● Work to be completed
Nothing outside the stretch is wanted. Repeat exactly the lines of the listing below from the one that contains "<B>Peter II. Rouble" through the one that contains "子どもたちはインタビューをし", both ends included.

● Dataset
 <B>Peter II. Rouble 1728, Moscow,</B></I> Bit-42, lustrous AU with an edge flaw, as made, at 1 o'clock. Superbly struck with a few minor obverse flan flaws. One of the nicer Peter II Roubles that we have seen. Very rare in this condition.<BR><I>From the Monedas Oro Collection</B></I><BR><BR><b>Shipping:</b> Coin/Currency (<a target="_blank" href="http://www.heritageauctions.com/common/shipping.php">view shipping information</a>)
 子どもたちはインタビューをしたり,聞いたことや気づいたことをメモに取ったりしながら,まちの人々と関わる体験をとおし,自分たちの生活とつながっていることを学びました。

---

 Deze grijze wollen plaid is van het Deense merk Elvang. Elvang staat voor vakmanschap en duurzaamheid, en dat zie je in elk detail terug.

● Answer to this exercise
 <B>Peter II. Rouble 1728, Moscow,</B></I> Bit-42, lustrous AU with an edge flaw, as made, at 1 o'clock. Superbly struck with a few minor obverse flan flaws. One of the nicer Peter II Roubles that we have seen. Very rare in this condition.<BR><I>From the Monedas Oro Collection</B></I><BR><BR><b>Shipping:</b> Coin/Currency (<a target="_blank" href="http://www.heritageauctions.com/common/shipping.php">view shipping information</a>)
 子どもたちはインタビューをしたり,聞いたことや気づいたことをメモに取ったりしながら,まちの人々と関わる体験をとおし,自分たちの生活とつながっていることを学びました。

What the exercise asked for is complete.